FDP The Way Ahead_V4
Eq. 1—Average porosity for oil.
FDP The Way Ahead_V4
Eq. 2—Average porosity for gas.

Sonic plays a more significant role in the identification of formation strength. Total porosity is insufficient, analogous to having money in the bank that you cannot withdraw; thus, effective porosity must be computed by eliminating the volume of shale and calibrated with core data.

Water saturation is computed based on the lateral log deep (if no oil-based mud is used during drilling). In the case of clastic sedimentary rock, shaly sand is common, thus requiring correlation such as with Simandoux equations to compute the Sw. A prudent practice is to compute using Archie’s Law as well to establish a base case. This analysis is more of a quick-look method, without in-depth quality check work, such as the borehole or other environmental impact.

Reservoir Engineering

The next discipline is reservoir engineering, which, in the authors’ view, is the lead of the entire FDP project. This section covers mostly dynamic modeling.

Dynamic modeling is also known as reservoir simulation. In FDP, reservoir simulation is an important step that determines many of the technical and economic feasibility. The first step in reservoir simulation is gridding. Gridding is already captured under the G&G section, but, to proceed further with the dynamic modeling, the gridding done earlier by the geomodeler must undergo upscaling to optimize accuracy and running time.

FDP2.jpg
The author instructs Asia Pacific University students on Petrel for dynamic modeling.

Before upscaling, rock properties must be distributed. Rock properties are mainly obtained from routine core analysis (RCA) data. For the RCA data, the primary task is to establish the porosity/permeability relationship. The first process is to compute the rock quality index and, subsequently, the flow zone indicator, from which the number of rock types can be obtained.

Cores under the same classification are grouped based on rock type, and an equation of porosity/permeability is obtained for each classification, concluding the rock typing. This rock typing is pertinent in permeability computation using effective porosity derived from the wireline log data, which will be distributed in a reservoir model via log upscaling.

After the RCA data comes the special core analysis laboratory (SCAL) data, which consists of relative permeability and capillary pressure. For more than one rock type, normalization, averaging, and denormalization must take place, particularly for capillary pressure (Pc), which requires transformation using the Leverett-J function. Reservoir simulation requires SCAL data to define part of the multiphase mobility in a reservoir.

After SCAL, the next input to the simulation is pressure, volume, and temperature (PVT) data. PVT analysis is dependent on the type of reservoir fluid. For black oil, wet gas, and dry gas, the black oil model will be selected. For volatiles and condensates, the compositional model will be selected. Selection of the reservoir model type has a significant effect on PVT analysis; the black oil model uses laboratory data, and the compositional model uses equation of state.

The last part in the reservoir simulation step is initialization, whereby using the neutron-density (butterfly/football) effect, resistivity log, and pressure vs. depth data, the initial pressure in a reservoir can be defined. Some peripheral tasks in the simulator include aquifer modeling, where the underlying aquifer is modeled using equations such as Schilthuis, Van Everdingen-Hurst, or Fetkovich.

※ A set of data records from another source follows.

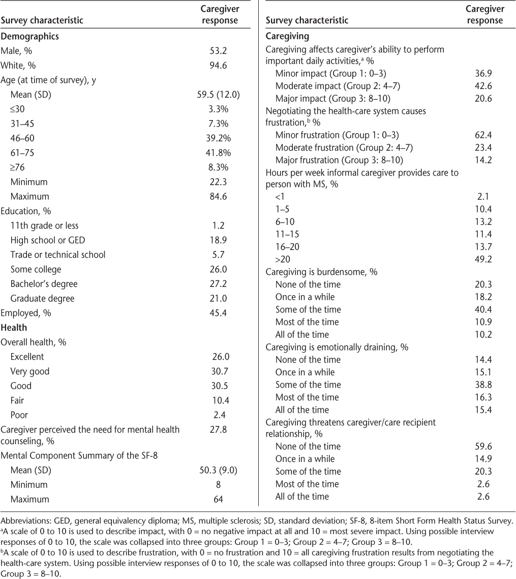 The interviewer asked caregivers to provide the average number of hours per week they spent “providing care and assistance to help [the person with MS] cope with the effects of MS.” The caregivers were asked to provide any number from 0 to 10 to describe how assisting the person with MS “affects your ability to perform activities in daily life that are important to you,” with 0 indicating no negative impact at all and 10 indicating the most severe impact. Caregivers were asked to describe how much of any caregiving burden or frustration that they may have experienced was caused by negotiating the health-care system using a scale of 0 to 10, with 0 indicating no frustration or burden and 10 indicating that all of their caregiving frustration or burden resulted from negotiating the health-care system. The interviewer read a list of statements assessing the feelings that caregivers may have experienced when assisting the person with MS, including “caregiving is burdensome,” “caregiving is emotionally draining,” and “caregiving has strained or threatened the caregiver/care recipient relationship.” These caregiver feelings were measured using a 5-point Likert item, with possible responses of none of the time, once in a while, some of the time, most of the time, and all of the time.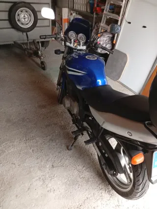 Suzuki GS500 en buen estado. ITV pasada el 12-12-2025 Doi juegos de ruedas enteras Piña de arranque derecha Tiene puesto escape homologado a pasado ITV con el puesto Y el de serie también lo entrego - Incluye baúl trasero.46000km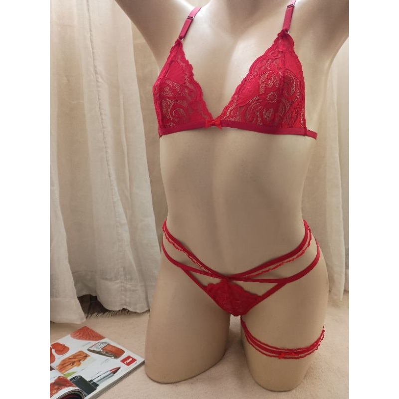 Conjunto todo em renda,modelo bralette com alças reguláveis,calcinha fio possui forro de algodão,alças com regulagens e cós com babadinho,conjunto acompanha uma liga persex de babadinho.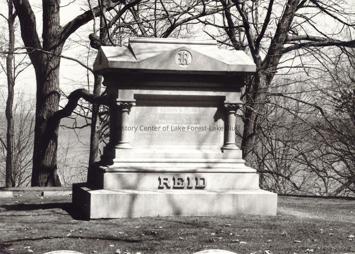 Gravestone in Lake Forest Cemetery. negatives included Simon S. Reid and Martha (Mary) McWilliams Reid see also 2004.62.9 and .10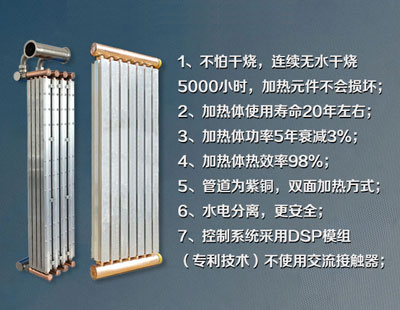 成功研發升級至第六代全新智能沈陽全導體電鍋爐機組。產品采用全導體加熱變頻技術,節能設計,熱效率高達98%以上,水電分離,獨有的故障自檢,防凍防干燒等十大保護;不使用交流接觸器,采用DSP控制模組、工作無聲音,不怕潮濕;采用國內正泰原裝配件,穩定耐用,智能控制,功率衰減小,比傳統沈陽電鍋爐節能30%以上“公司能夠生產單機500-6000千瓦大型電鍋爐、大功率電鍋爐、大型工業電鍋爐、大型電加熱鍋爐”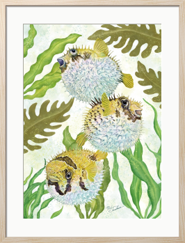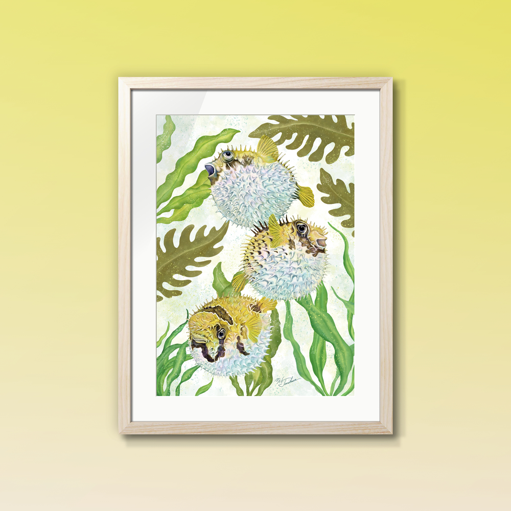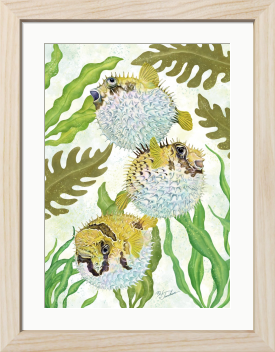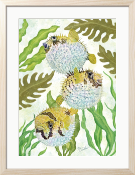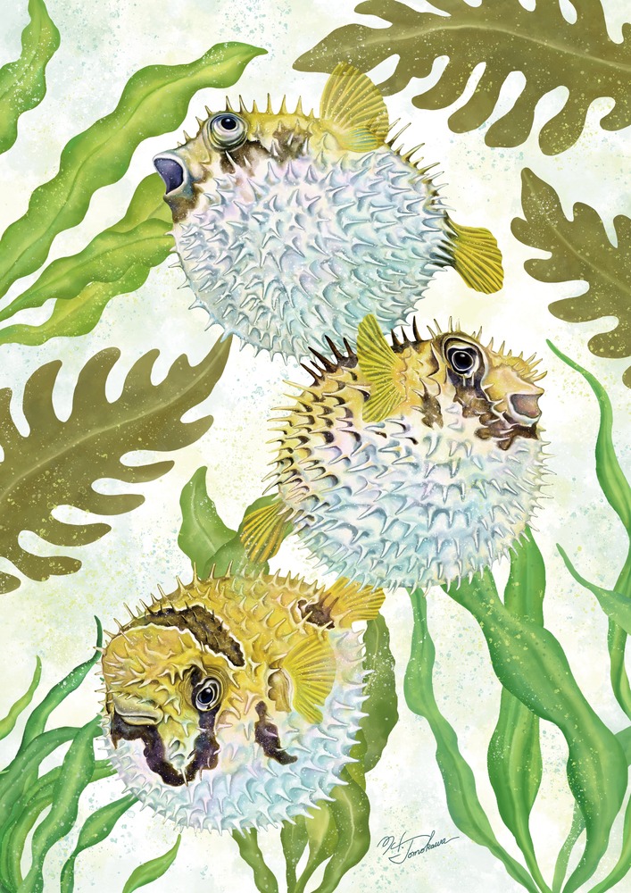 ご覧いただきありがとうございます。 ぷくぷくと海藻のあいだを泳ぐハリセンボン仲良し3匹組。
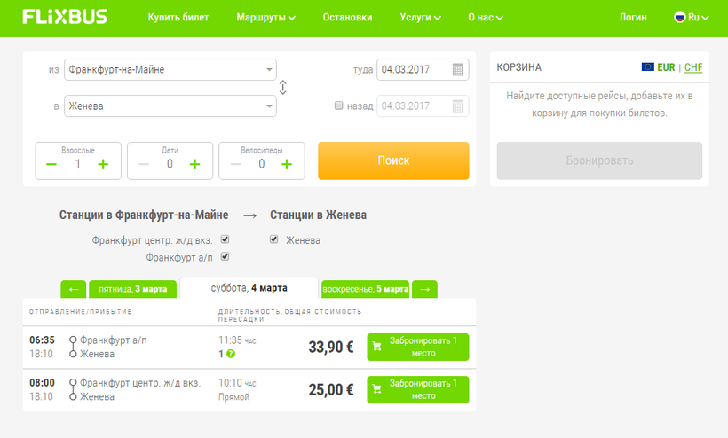 Я прошерстил сайты всех компаний которые предлагают доставить человека из Франкфурта в Женеву. Подумал, подумал.... И в результате оказался на франкфуртском ЖД вокзале. Но сел я не на поезд, а на автобус компании «Flixbus». Каждый день в 8 утра в Женеву уходит по одному автобусу этой компании, на конечную станцию – международный автовокзал Женевы, автобус приезжает примерно в 6 вечера. Это переезд не из самых приятных, но в салоне был туалет и wi-fi, а сиденья в автобусе достаточно мягкие и, по крайней мере, первые 6 часов ехать вполне комфортно. Жалко, что не было ночного рейса, но что поделать, главное достоинство поездки на автобусе – стоимость проезда, о ней немного ниже.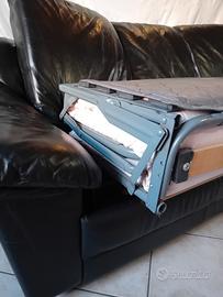 presenta un cucino poggia braccio sfondato e il poggia schiena leggermente sfondato. parti della pelle usurati dal tempo e dell'usura. il divano letto funziona correttamente integro e completo di materasso. Disponibile per la visione in loco.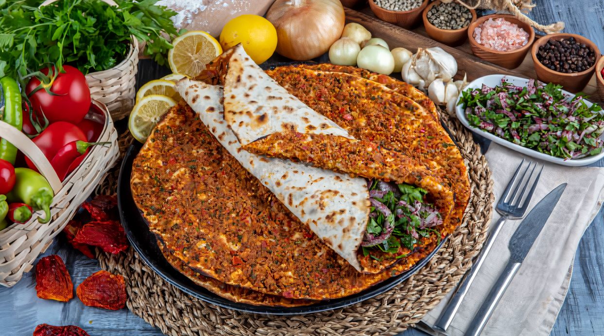 Ternera, col, cebolla, tomate, salsa yogurt y salsa picante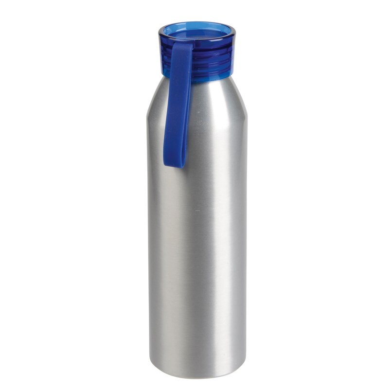 Алюминиевая бутылка COLOURED: цветная закручивающаяся пластиковая крышка, силиконовая петля на руку, объем: около 650 мл.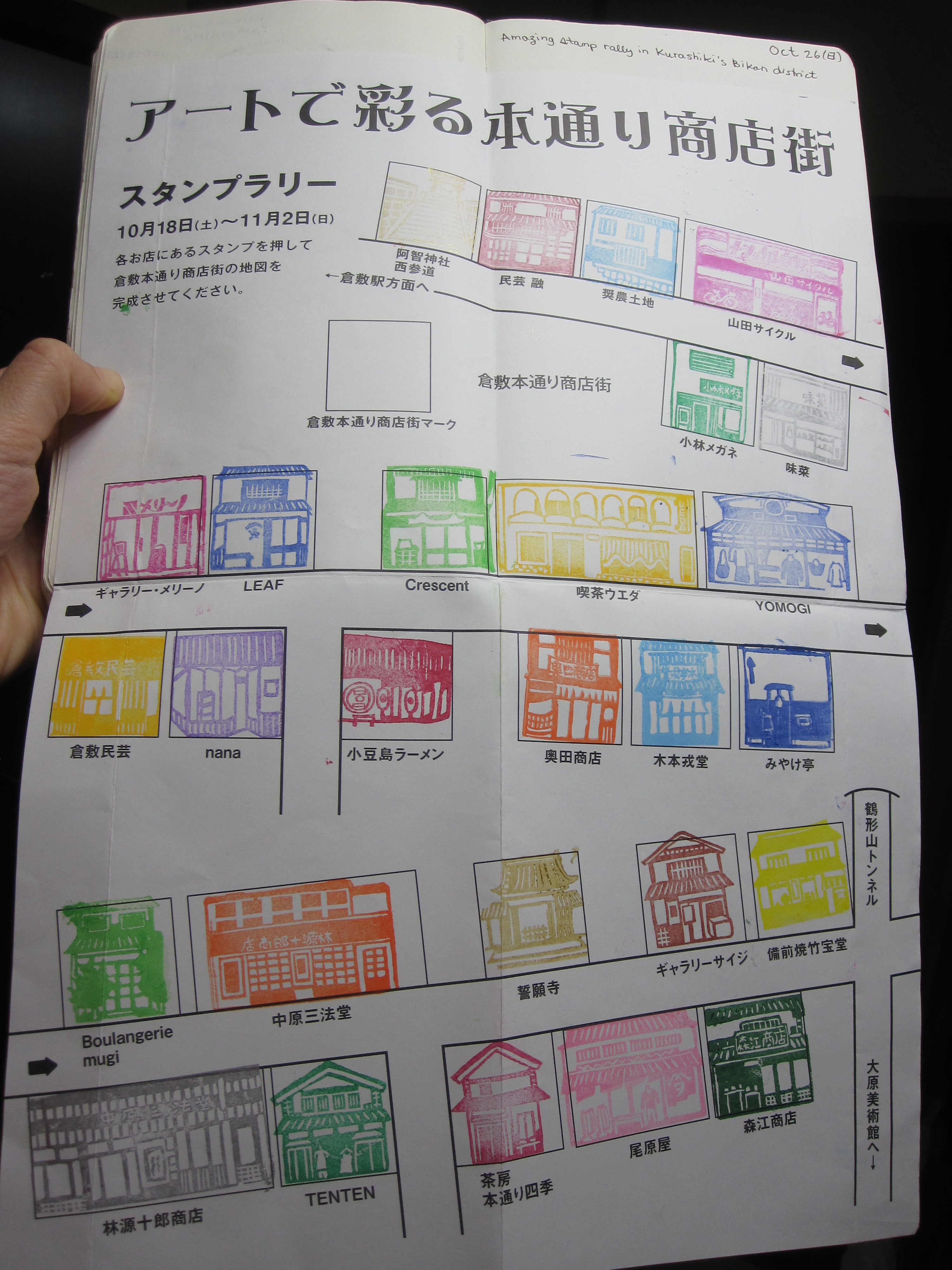Let me explain with this example of the coolest stamp rally I’ve seen yet. It was on a street in Kurashiki’s historical Bikan area. Almost every shop on this street had a stamp that was handcarved to look like the actual shop. There was a variety of brightly coloured ink, and the rally paper was arranged to look like a linear map of the street.

The aquifer model is chosen based on the strength of the aquifer and the transmissibility between the aquifer and the overlying reservoir.

The right approach to aquifer modeling is further validated in the brownfield stage, which is also known as history matching. History matching refers to a brownfield that requires the production and pressure data to be matched. History matching begins with a sensitivity analysis and is followed by an uncertainty analysis, where the weight of modification is assigned to the most sensitive parameters.